* **Prompt**: Retype all the entries word for word, but omit the pictures.

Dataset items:
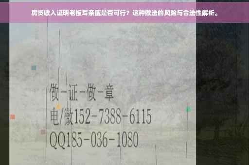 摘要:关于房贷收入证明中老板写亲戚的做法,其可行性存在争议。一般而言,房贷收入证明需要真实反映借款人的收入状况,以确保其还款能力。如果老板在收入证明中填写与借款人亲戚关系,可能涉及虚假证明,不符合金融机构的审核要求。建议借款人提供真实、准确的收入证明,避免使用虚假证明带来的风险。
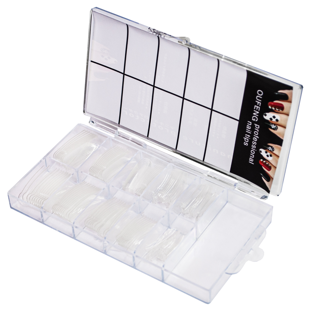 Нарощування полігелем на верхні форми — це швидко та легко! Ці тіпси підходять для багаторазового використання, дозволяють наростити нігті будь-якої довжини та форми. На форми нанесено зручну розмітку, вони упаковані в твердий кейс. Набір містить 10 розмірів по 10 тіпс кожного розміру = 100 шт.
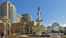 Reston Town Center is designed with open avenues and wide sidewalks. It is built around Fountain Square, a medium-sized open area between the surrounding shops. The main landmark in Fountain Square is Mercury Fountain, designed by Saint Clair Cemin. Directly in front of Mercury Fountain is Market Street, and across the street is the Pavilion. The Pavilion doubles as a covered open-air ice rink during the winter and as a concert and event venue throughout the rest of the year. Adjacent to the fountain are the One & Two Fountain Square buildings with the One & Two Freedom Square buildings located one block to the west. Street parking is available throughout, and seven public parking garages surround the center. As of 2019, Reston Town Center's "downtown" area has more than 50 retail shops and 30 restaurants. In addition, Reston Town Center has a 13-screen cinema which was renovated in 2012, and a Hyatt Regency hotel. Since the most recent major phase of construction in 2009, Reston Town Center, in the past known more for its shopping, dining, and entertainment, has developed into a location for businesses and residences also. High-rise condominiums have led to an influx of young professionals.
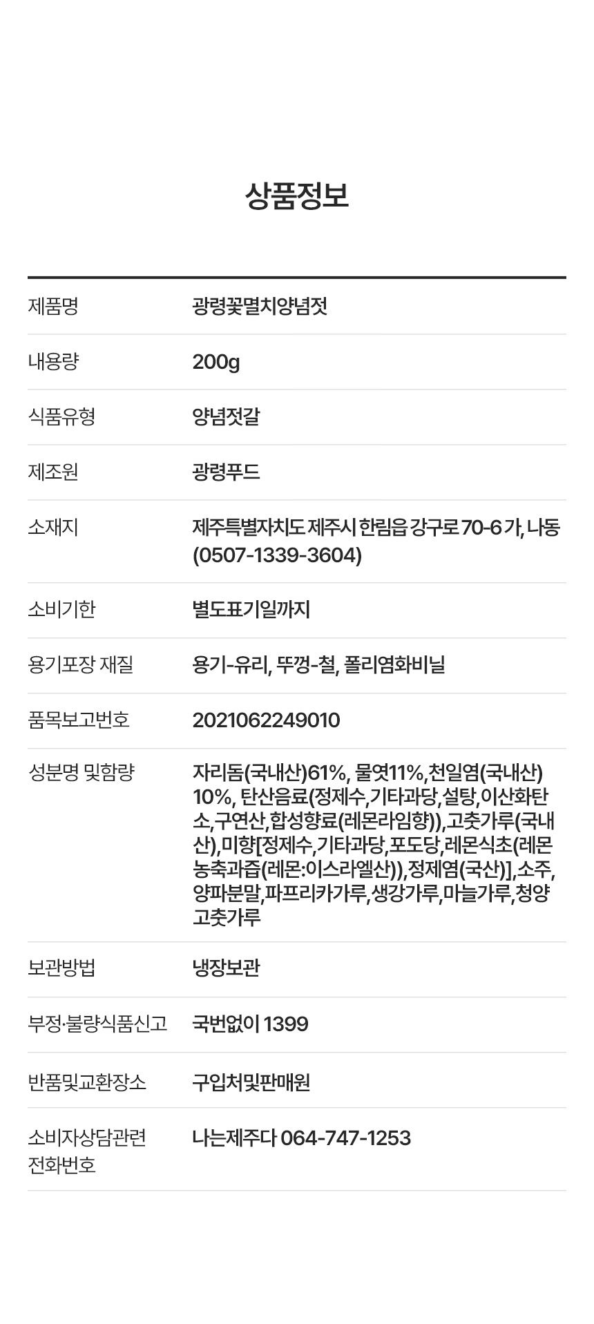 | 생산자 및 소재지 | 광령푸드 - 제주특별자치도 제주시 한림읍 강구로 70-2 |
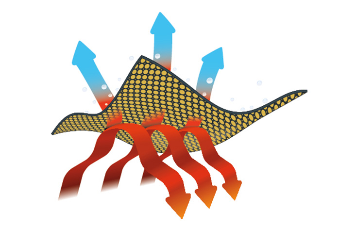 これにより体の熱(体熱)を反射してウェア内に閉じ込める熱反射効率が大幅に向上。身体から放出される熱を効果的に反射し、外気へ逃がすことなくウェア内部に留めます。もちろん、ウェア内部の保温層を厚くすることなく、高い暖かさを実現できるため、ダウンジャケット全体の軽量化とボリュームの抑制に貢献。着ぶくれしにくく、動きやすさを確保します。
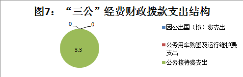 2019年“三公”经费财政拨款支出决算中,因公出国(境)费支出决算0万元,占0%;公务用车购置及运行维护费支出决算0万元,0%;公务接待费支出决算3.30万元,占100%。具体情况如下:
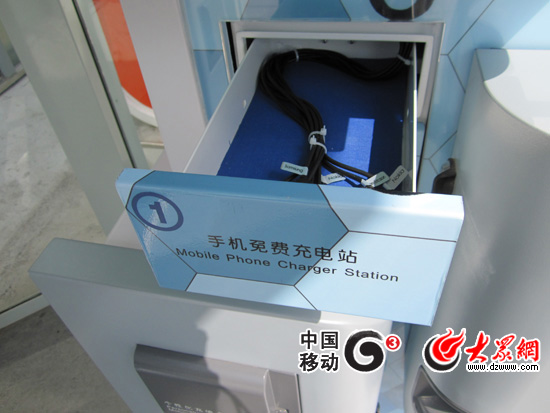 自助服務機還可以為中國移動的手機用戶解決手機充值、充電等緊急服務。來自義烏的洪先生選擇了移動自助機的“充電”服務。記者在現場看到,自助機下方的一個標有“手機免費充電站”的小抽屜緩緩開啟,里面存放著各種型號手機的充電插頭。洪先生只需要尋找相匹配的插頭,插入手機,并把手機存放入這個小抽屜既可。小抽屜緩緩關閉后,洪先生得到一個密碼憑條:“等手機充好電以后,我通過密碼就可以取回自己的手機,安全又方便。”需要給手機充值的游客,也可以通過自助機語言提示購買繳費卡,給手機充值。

* **Result of the task**:
 摘要:关于房贷收入证明中老板写亲戚的做法,其可行性存在争议。一般而言,房贷收入证明需要真实反映借款人的收入状况,以确保其还款能力。如果老板在收入证明中填写与借款人亲戚关系,可能涉及虚假证明,不符合金融机构的审核要求。建议借款人提供真实、准确的收入证明,避免使用虚假证明带来的风险。
 Нарощування полігелем на верхні форми — це швидко та легко! Ці тіпси підходять для багаторазового використання, дозволяють наростити нігті будь-якої довжини та форми. На форми нанесено зручну розмітку, вони упаковані в твердий кейс. Набір містить 10 розмірів по 10 тіпс кожного розміру = 100 шт.
 Reston Town Center is designed with open avenues and wide sidewalks. It is built around Fountain Square, a medium-sized open area between the surrounding shops. The main landmark in Fountain Square is Mercury Fountain, designed by Saint Clair Cemin. Directly in front of Mercury Fountain is Market Street, and across the street is the Pavilion. The Pavilion doubles as a covered open-air ice rink during the winter and as a concert and event venue throughout the rest of the year. Adjacent to the fountain are the One & Two Fountain Square buildings with the One & Two Freedom Square buildings located one block to the west. Street parking is available throughout, and seven public parking garages surround the center. As of 2019, Reston Town Center's "downtown" area has more than 50 retail shops and 30 restaurants. In addition, Reston Town Center has a 13-screen cinema which was renovated in 2012, and a Hyatt Regency hotel. Since the most recent major phase of construction in 2009, Reston Town Center, in the past known more for its shopping, dining, and entertainment, has developed into a location for businesses and residences also. High-rise condominiums have led to an influx of young professionals.
 | 생산자 및 소재지 | 광령푸드 - 제주특별자치도 제주시 한림읍 강구로 70-2 |
 これにより体の熱(体熱)を反射してウェア内に閉じ込める熱反射効率が大幅に向上。身体から放出される熱を効果的に反射し、外気へ逃がすことなくウェア内部に留めます。もちろん、ウェア内部の保温層を厚くすることなく、高い暖かさを実現できるため、ダウンジャケット全体の軽量化とボリュームの抑制に貢献。着ぶくれしにくく、動きやすさを確保します。
 2019年“三公”经费财政拨款支出决算中,因公出国(境)费支出决算0万元,占0%;公务用车购置及运行维护费支出决算0万元,0%;公务接待费支出决算3.30万元,占100%。具体情况如下:
 自助服務機還可以為中國移動的手機用戶解決手機充值、充電等緊急服務。來自義烏的洪先生選擇了移動自助機的“充電”服務。記者在現場看到,自助機下方的一個標有“手機免費充電站”的小抽屜緩緩開啟,里面存放著各種型號手機的充電插頭。洪先生只需要尋找相匹配的插頭,插入手機,并把手機存放入這個小抽屜既可。小抽屜緩緩關閉后,洪先生得到一個密碼憑條:“等手機充好電以后,我通過密碼就可以取回自己的手機,安全又方便。”需要給手機充值的游客,也可以通過自助機語言提示購買繳費卡,給手機充值。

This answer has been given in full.